Entre los pasados, días 14 y 16 me he debatido y ocupado en organizar los papeles y libros que conservaba de Eduardo Arroyo (Madrid 1937-2018). Conocida la muerte del pintor y escritor, que ya anunciaban algunas imágenes del deterioro visible que inflige la gran enfermedad, todo se amoldaba a una espera no querida y aplazada. De aquí que con cierta prontitud diera salida en Hypérbole al texto Eduardo Arroyo: artista doble http://hyperbole.es/2018/10/eduardo-arroyo-artista-doble/. Redactado, con los primeros datos disponibles, el domingo 15 y publicado el lunes 16.
Texto que partía de algún recuerdo reciente a propósito de su relación indirecta con Marcel Duchamp. “Hace escasos días y a propósito de la conmemoración de Marcel Duchamp (Marcel Duchamp ¿bautizo o entierro?), salía lateralmente a relucir el trabajo irónico-crítico y desmitificador, que sobre el artista francés, realizara Eduardo Arroyo, junto Gilles Aillaud y Antonio Recalcati en 1965: El fin trágico de Marcel Duchamp. Y ahora, días más tarde de aquello, lo que entonamos es el final, no sé si trágico, de Eduardo Arroyo”.
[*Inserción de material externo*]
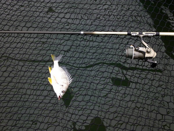 虽然冬天的日流特别细,但流水还是那么的汹涌,连表层都有喷涌般的奔流,不得不用上15克铅才勉强探底,还得小心的避着被流水冲得完全歪斜的网箱下钩.
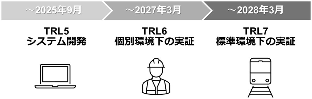TRL5通過の結果を通じてTRL6では、鉄道事業者の実需に適うシステムを開発し、TRL7において実地での運用を目指します。
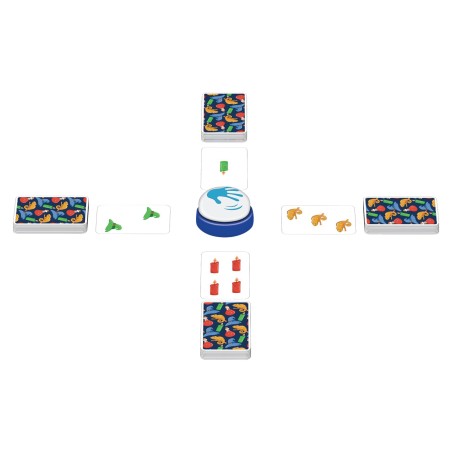 Dans Halli Galli Magic Twist, retournez vos cartes chacun votre tour, et soyez le plus rapide à taper sur la sonnette dès qu'exactement 5 symboles ou 5 couleurs identiques apparaissent.
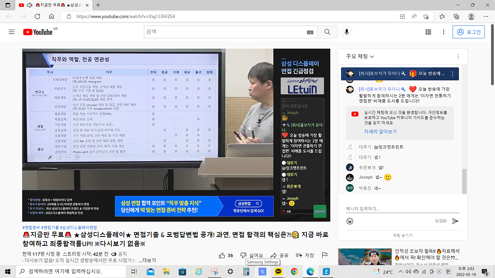 ★무료 라이브 취업특강 - 삼성디스플레이 면접기출 & 모범답변 긴급점검 후기★ + 너무 좋아요 !
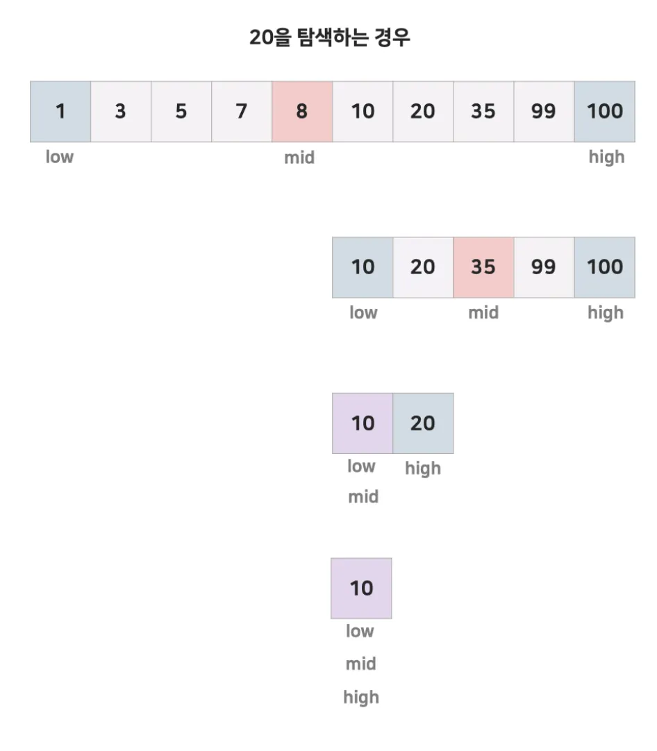 - 즉, 어떤 시점에서 탐색되어야할 범위는 low ~ high까지가 된다.

Ese mismo lunes 16 se publicaba la esquela escueta, publicada en El País por la familia, en la que sobresalía la cita de un Quevedo mortuorio y fúnebre:
Fue sueño ayer
Mañana será tierra:
Poco antes nada
Y poco después humo
Mientras que revisaba los libros disponibles en mi biblioteca, de Eduardo Arroyo, y casi por casualidad, en la misma mañana del lunes, llegaba a librerías la edición revisada del primer tomo de sus memorias Minuta de un testamento, que había aparecido en 2009 y que en 2018 se había revisado con un nuevo prólogo de Arroyo, y en un gesto más premonitorio que otra cosa. Piénsese que se reeditaba la Minuta de un testamento, cuando aún el ciclo de memorias, cerrado con Diez negritos, no ha salido a la luz pública. Donde sólo, y anteriormente, había aparecido Bambalinas (2016). Y donde yo subrayaba, como otro fogonazo suelto de recuerdos anotados, su último texto publicado Autorretrato del artista contradictorio (Babelia, 17 de febrero de 2018). Donde deja ver algunas pistas ya esbozadas en sus anteriores trabajos memorialísticos: “Me han gustado mucho El retrato de Dorian Gray y Robinson Crusoe. La primera de estas novelas comienza en el taller de un pintor; la segunda se desarrolla en una isla desierta. Es innegable: me he pasado media vida dentro de unos espacios donde pinto o escribo, en teatros para combatir la soledad y trabajar con los demás, en imprentas de arte, en talleres de cerámica. Esta ha sido mi vida. En el fondo todo esto me parece trivial. He conservado mis talleres, pero no mis casas. No quería rozarme con nadie en aquellos lugares de trabajo cuyo acceso no permitía ni a los colegas ni a los críticos de arte. Vanidad y orgullo. Tal vez. Pero también rabia frente a los elogios falos. Ya he dicho que hoy el mundo del arte no me interesa, que no tiene nada que ver con el que conocí cuando tenía 20 años
Prólogo breve el referido de la edición de 2018 de la Minuta y, tal vez acelerado, que da cuenta de algunas referencias familiares sobre su mujer Isabel Azcárate, sobrina nieta de Gumersindo Azcárate, quien en 1876, publicaba, de forma anónima, su autobiografía, llamada igualmente Minuta de un testamento. Y en el prólogo, más allá de la dedicatoria a Isabel Azcárate, aparece la aludida cita de Quevedo en torno a la muerte, que tanto le ocupaba como le preocupaba a Eduardo Arroyo. Como queda claro al atravesar las primeras líneas del texto, donde nos hacemos cargo del velo mortuorio que le otorgamos a los testamentos. Más aún afirma Arroyo: “No redactamos nuestro testamento porque tenemos miedo”. Pero ello no limita la idea insistente del testamento. Y es que “No queremos morirnos sin decir algo, sin dejar instrucciones”. Decir algo, todavía, pero las instrucciones dejadas a los herederos y supervivientes, suena como un mandato fallido o que puede fallar en esa rara posteridad.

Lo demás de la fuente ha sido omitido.